Measuring Pipeline Effectiveness
Once the pipeline is the target, the metrics also need to widen.
Aggregate Metrics
Evaluate models across multiple periods and then look at aggregate metrics such as accuracy, precision, recall, F1 score, median performance, and variance.
The variance matters. A high median with unstable windows may still be operationally risky. A lower but more stable model may sometimes be more useful, depending on the product.
Adaptability
Data sources change. Feature sets evolve. Domain conditions shift.
A strong ML pipeline should adapt to these changes without silently degrading. That means versioning, traceability, and clear ownership of feature logic are not optional.
Data Leakage Detection
Data leakage is a silent killer in retrospective analysis.
Performance that looks too good to be true often is. Suspicious correlations, unrealistic jumps in performance, or features that depend on future outcomes should trigger investigation.
Some practical safeguards:
- Feature construction: features must not be calculated using future data.
- External data alignment: external datasets must obey the same temporal restrictions as the primary data.
- Shuffling care: random shuffling can destroy the meaning of time-series evaluation.
- Time-aware cross-validation: conventional cross-validation is usually the wrong tool for sequential data.
- Feature engineering per window: cleaning, normalisation, standardisation, and feature engineering should be re-executed for each data window.
The last point is easy to underestimate. If normalisation statistics are computed across the full dataset and then used inside older windows, future information has already leaked into the past.
Periodic Validation Applies To Live Models Too
The same principles apply to live models.
Retrospective validation makes the timeline problem obvious, but live models face the same pressure. Data changes, external conditions move, and the model’s assumptions age.
For neural networks, validation is often discussed around epochs. But the broader need for regular validation is not specific to neural networks. Any model that operates in a changing domain needs periodic checks that respect time.
Time-series cross-validation is useful because it tests performance across chronological splits. It helps expose overfitting, leakage, and temporal brittleness.
The goal is not only to keep a model fresh. The goal is to keep the validation story honest.
Efficiency And Traceability
Efficiency metrics are also part of the picture.
If training gets slower every time the data grows, the pipeline may become too expensive to run frequently enough. If traceability is weak, the team may not know which data, features, code, and hyperparameters produced a given model.
That lineage matters.
When multiple models are generated periodically, each one needs a clear record:
- data snapshot
- feature definitions
- training code version
- hyperparameters
- evaluation window
- output artefact
This is not bureaucracy. It is how teams make iteration explainable.

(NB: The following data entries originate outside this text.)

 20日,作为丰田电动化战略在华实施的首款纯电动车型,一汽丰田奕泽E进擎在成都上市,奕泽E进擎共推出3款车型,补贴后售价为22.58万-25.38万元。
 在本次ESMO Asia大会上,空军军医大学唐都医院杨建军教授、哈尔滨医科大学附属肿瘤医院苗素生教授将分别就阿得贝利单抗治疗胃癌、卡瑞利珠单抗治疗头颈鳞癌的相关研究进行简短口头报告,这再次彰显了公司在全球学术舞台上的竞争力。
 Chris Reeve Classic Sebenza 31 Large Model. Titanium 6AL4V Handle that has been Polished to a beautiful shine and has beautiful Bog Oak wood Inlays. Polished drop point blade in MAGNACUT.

Without traceability, improvement becomes folklore. With traceability, each refinement builds on something the team can actually understand.
Last Words
Machine learning in the energy sector keeps evolving, as it does everywhere else. But the core lesson here is broader than one domain.

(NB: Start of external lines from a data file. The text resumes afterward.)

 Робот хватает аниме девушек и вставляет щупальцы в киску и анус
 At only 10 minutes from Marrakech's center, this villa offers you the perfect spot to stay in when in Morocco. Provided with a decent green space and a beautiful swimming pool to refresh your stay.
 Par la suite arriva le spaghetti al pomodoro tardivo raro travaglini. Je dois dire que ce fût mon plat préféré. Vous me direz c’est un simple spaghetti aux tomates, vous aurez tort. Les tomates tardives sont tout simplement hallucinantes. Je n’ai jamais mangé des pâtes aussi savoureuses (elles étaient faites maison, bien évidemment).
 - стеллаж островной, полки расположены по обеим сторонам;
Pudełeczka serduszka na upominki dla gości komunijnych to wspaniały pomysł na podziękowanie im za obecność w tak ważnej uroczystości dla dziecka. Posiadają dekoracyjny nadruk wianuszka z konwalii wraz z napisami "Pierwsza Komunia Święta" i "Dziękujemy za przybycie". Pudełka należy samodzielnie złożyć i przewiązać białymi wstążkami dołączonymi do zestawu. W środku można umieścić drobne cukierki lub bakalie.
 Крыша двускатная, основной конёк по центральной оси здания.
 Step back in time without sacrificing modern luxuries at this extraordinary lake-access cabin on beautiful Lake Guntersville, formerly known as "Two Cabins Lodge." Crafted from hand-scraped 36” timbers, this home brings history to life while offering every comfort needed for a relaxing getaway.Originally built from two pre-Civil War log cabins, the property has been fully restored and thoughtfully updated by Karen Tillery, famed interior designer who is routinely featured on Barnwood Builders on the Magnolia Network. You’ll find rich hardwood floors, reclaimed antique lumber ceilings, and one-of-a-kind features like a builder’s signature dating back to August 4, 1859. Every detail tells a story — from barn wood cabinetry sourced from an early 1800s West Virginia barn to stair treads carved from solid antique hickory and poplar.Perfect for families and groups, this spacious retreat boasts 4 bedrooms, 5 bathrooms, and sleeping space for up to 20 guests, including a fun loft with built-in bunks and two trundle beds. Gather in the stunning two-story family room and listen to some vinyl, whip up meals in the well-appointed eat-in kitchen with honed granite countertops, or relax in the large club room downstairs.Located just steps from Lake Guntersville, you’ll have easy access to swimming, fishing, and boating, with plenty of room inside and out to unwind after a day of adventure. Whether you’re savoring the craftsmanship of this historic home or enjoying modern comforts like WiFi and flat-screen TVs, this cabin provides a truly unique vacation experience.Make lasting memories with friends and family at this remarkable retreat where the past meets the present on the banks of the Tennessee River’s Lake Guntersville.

If the system needs to make claims about historical predictions, the validation process must respect history.
That means moving beyond a narrow question of whether one model performs well. The more useful question is whether the pipeline can repeatedly produce reliable, traceable, temporally honest models as the world changes around it.
In practice, that is the shift from model validation to pipeline validation.
And for production ML, that shift is not cosmetic. It is the difference between a model that looks good in retrospect and a system that could actually have made the prediction at the time.